PROVIDED DATA:
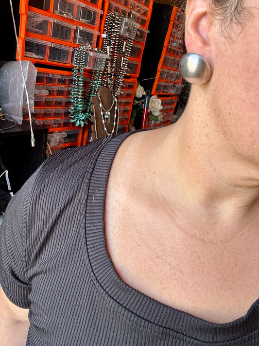 Large 30mm Sterling Silver Saucer Pearl Stud Earrings – USA Made
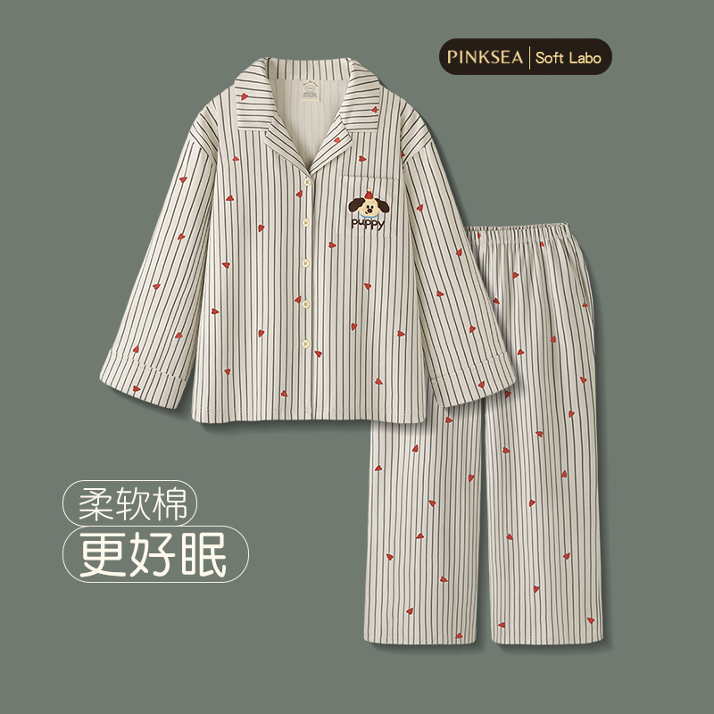 Pinksea睡衣女春秋純棉長(zhǎng)袖 情侶家居服可外穿大碼 男女士套裝 長(zhǎng)褲由
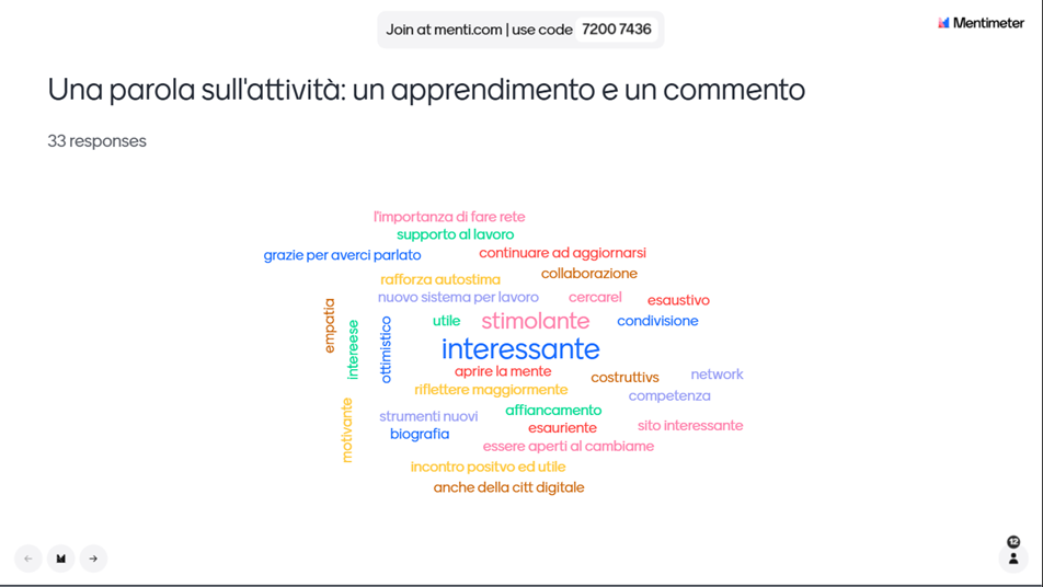 positive feedback in the discussion and with the 'one word feedback' with mentimeter
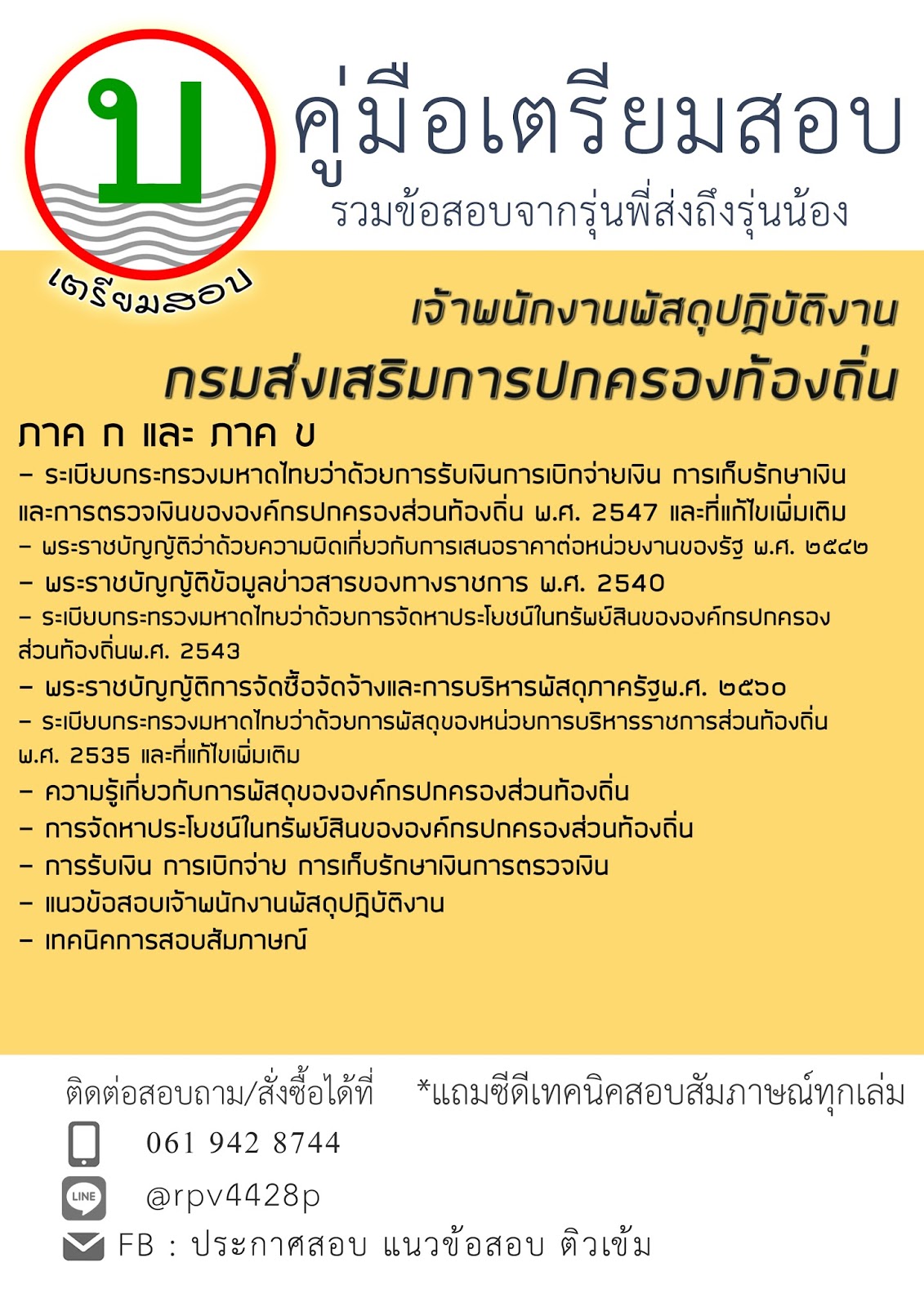 - โหลดแนวข้อสอบ เจ้าพนักงานพัสดุปฏิบัติงาน กรมส่งเสริมการปกครองท้องถิ่น (อปท.)

YOUR TASK:
Starting where a line contains "positive feedback in" and finishing at the last line above, set down every line exactly as it reads, with no pictures.

FINISHED EXERCISE:
 positive feedback in the discussion and with the 'one word feedback' with mentimeter
 - โหลดแนวข้อสอบ เจ้าพนักงานพัสดุปฏิบัติงาน กรมส่งเสริมการปกครองท้องถิ่น (อปท.)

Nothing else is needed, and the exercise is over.